EXERCISE INSTRUCTIONS:
Without any pictures, reproduce exactly the lines running from the line containing "Beau restaurant, service" through the end of the entries.

INFORMATION PROVIDED:

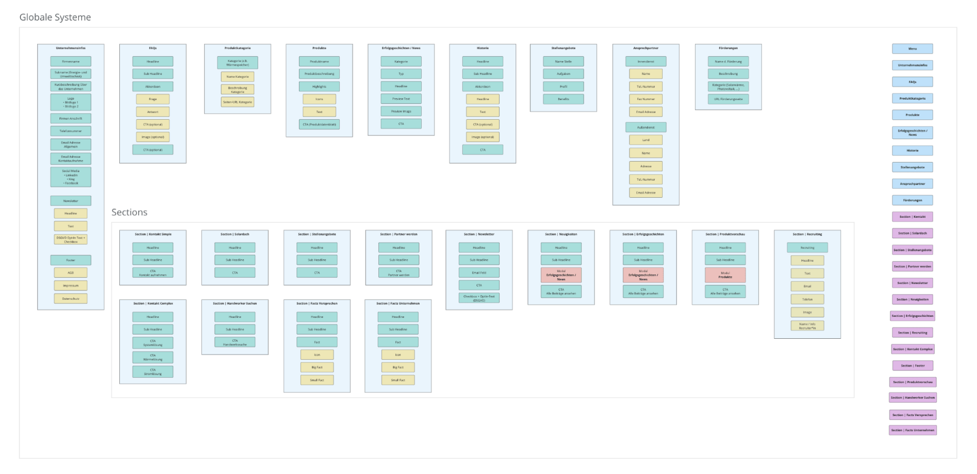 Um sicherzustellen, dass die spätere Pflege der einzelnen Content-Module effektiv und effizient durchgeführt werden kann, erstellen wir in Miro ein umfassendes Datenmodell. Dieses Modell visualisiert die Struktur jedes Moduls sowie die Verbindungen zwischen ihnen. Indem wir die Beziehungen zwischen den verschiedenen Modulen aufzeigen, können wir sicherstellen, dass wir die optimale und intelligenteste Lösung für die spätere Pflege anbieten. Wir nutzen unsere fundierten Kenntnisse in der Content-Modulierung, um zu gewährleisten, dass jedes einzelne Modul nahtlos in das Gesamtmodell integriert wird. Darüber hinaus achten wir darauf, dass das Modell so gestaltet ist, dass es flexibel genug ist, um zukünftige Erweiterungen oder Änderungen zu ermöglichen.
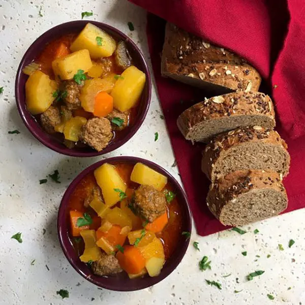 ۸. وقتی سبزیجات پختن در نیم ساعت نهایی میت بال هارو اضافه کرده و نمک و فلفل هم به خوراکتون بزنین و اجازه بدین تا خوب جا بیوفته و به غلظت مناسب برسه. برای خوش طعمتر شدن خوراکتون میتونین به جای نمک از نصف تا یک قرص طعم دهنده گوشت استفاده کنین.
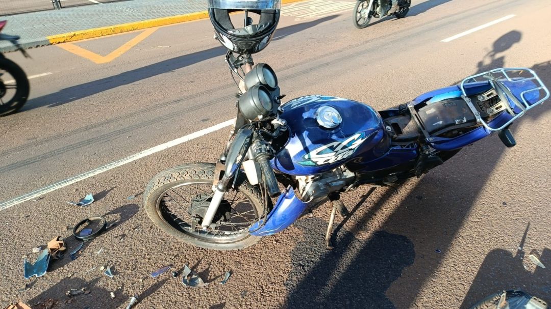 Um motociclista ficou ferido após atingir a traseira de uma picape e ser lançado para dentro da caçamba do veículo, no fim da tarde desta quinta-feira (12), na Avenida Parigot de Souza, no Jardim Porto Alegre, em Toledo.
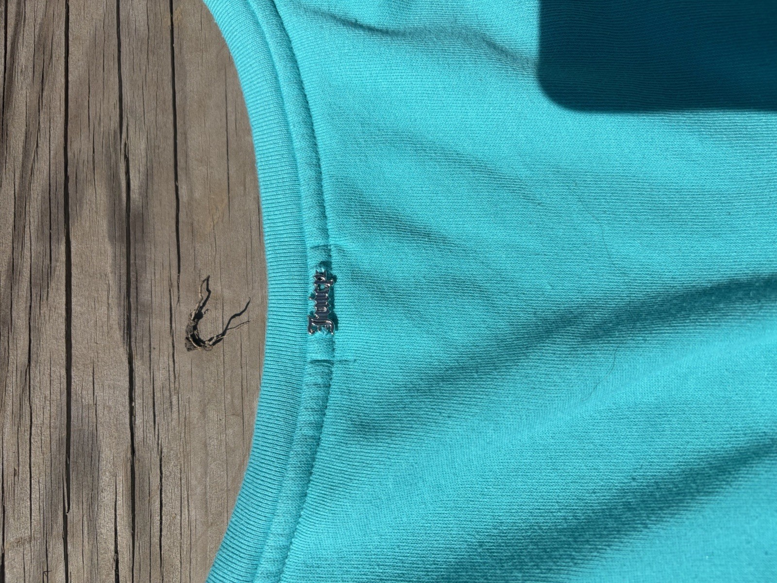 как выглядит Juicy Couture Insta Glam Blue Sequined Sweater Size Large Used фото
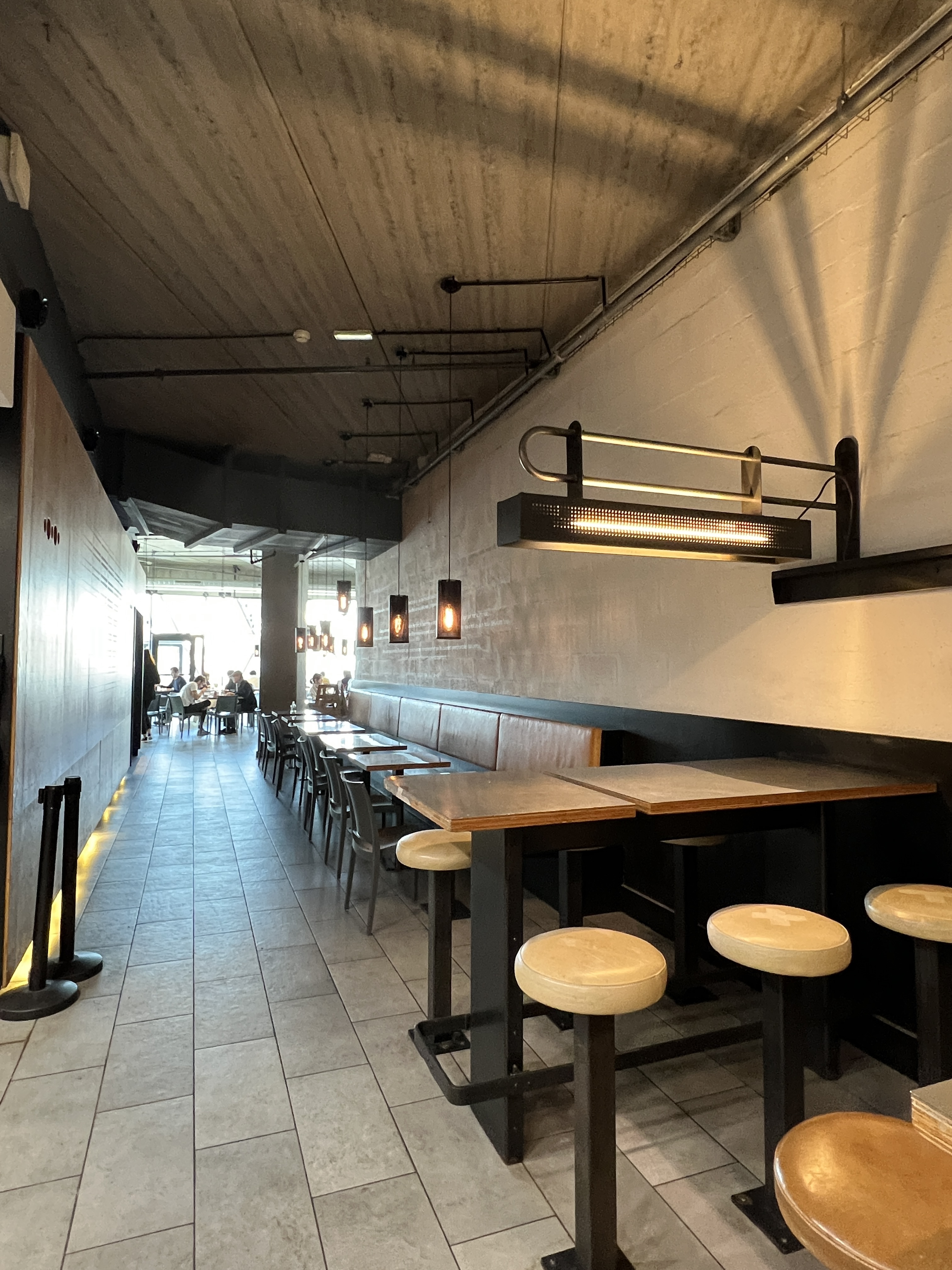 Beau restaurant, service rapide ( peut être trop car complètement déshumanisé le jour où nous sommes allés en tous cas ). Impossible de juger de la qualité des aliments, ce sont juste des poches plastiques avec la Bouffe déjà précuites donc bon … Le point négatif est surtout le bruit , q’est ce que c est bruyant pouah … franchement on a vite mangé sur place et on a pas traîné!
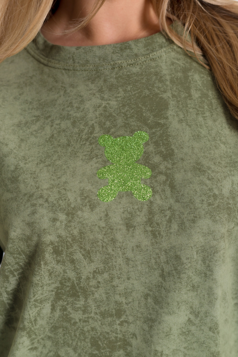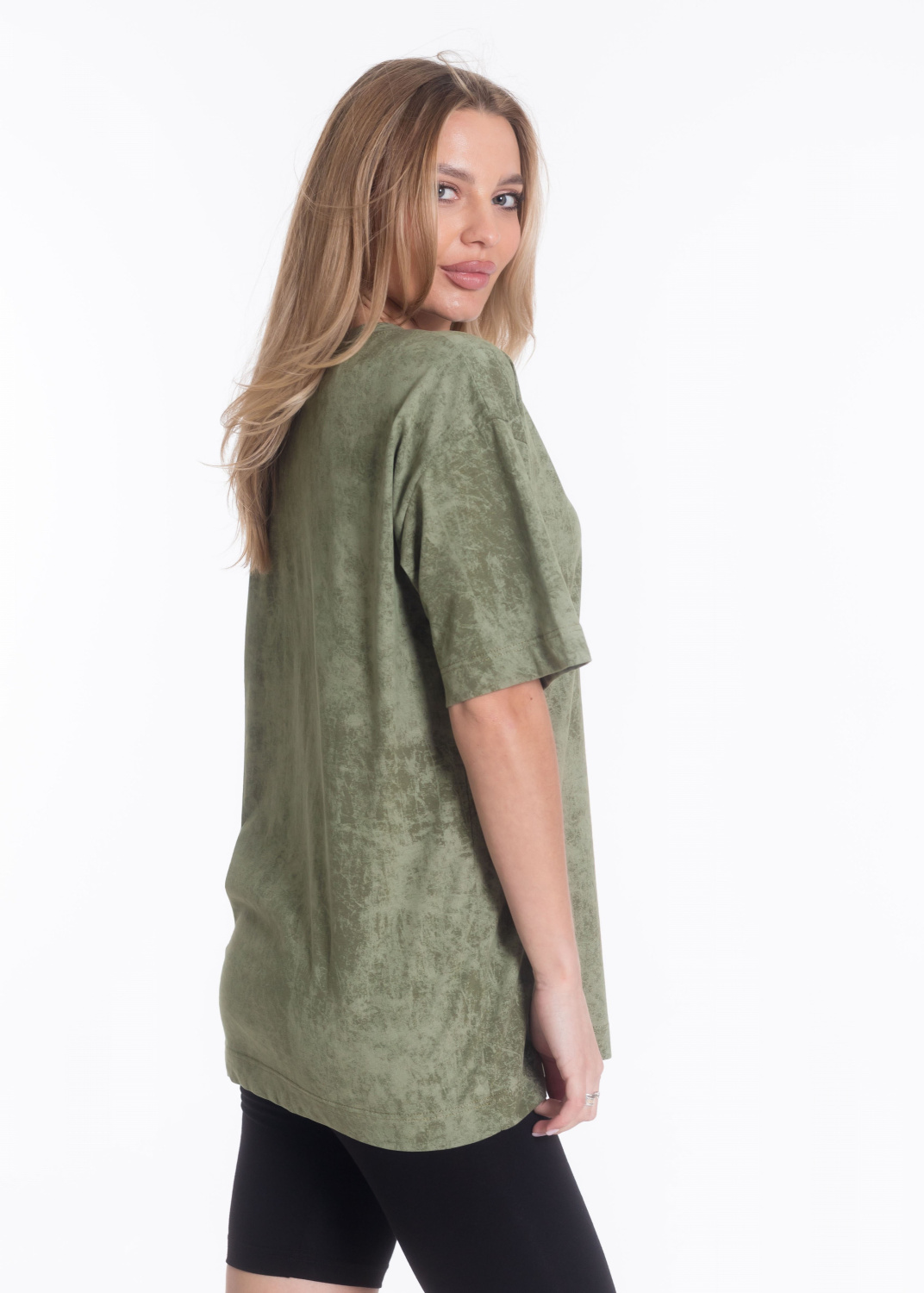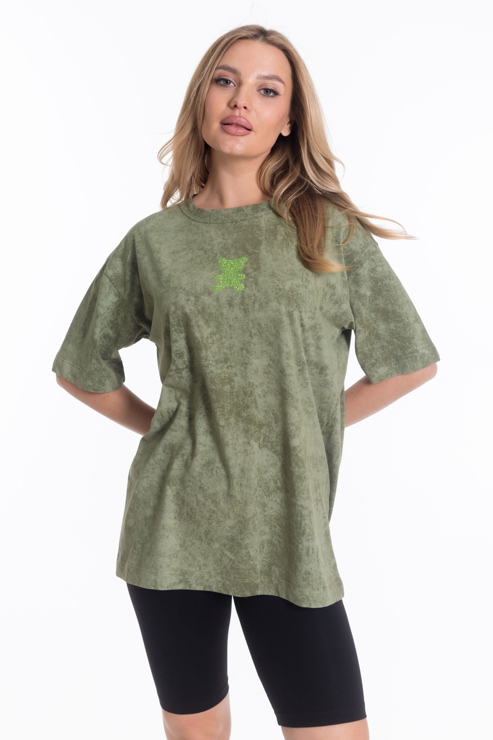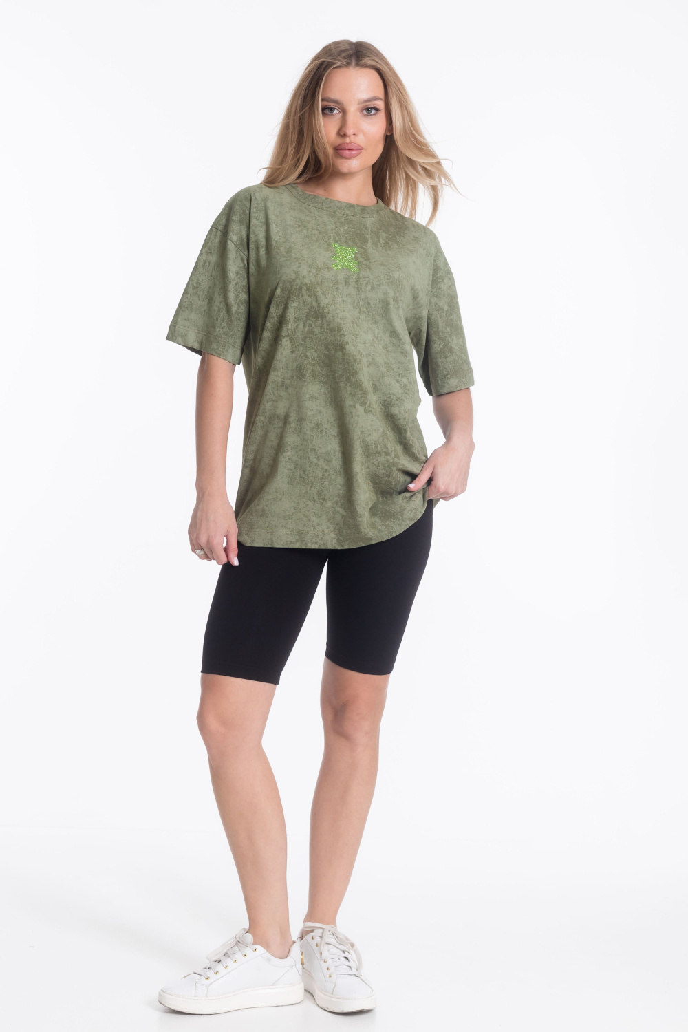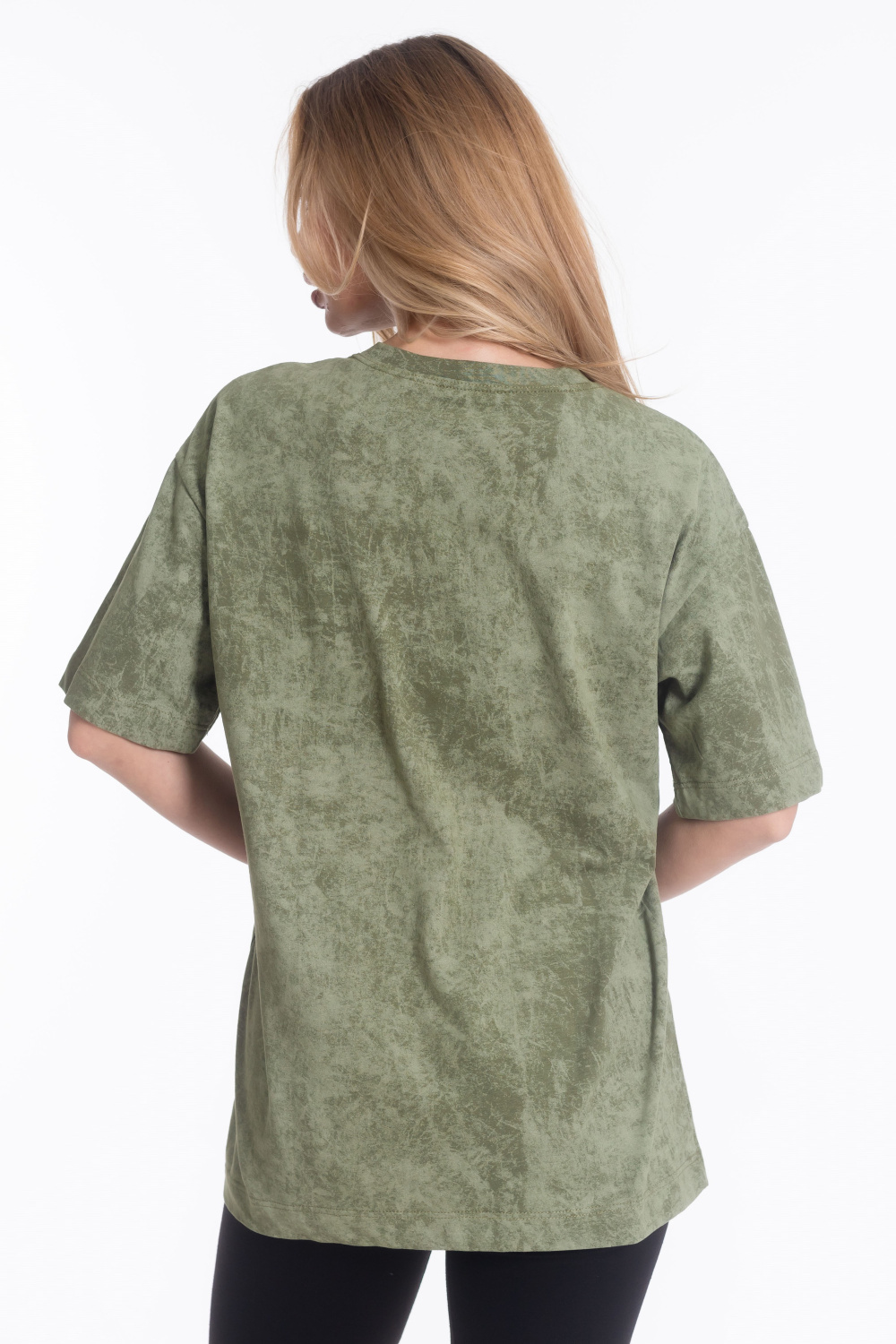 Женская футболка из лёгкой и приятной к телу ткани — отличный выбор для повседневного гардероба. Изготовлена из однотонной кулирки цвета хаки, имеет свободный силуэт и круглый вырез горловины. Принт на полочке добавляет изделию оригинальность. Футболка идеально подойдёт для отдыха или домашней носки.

TASK ANSWER:
 Beau restaurant, service rapide ( peut être trop car complètement déshumanisé le jour où nous sommes allés en tous cas ). Impossible de juger de la qualité des aliments, ce sont juste des poches plastiques avec la Bouffe déjà précuites donc bon … Le point négatif est surtout le bruit , q’est ce que c est bruyant pouah … franchement on a vite mangé sur place et on a pas traîné!
 Женская футболка из лёгкой и приятной к телу ткани — отличный выбор для повседневного гардероба. Изготовлена из однотонной кулирки цвета хаки, имеет свободный силуэт и круглый вырез горловины. Принт на полочке добавляет изделию оригинальность. Футболка идеально подойдёт для отдыха или домашней носки.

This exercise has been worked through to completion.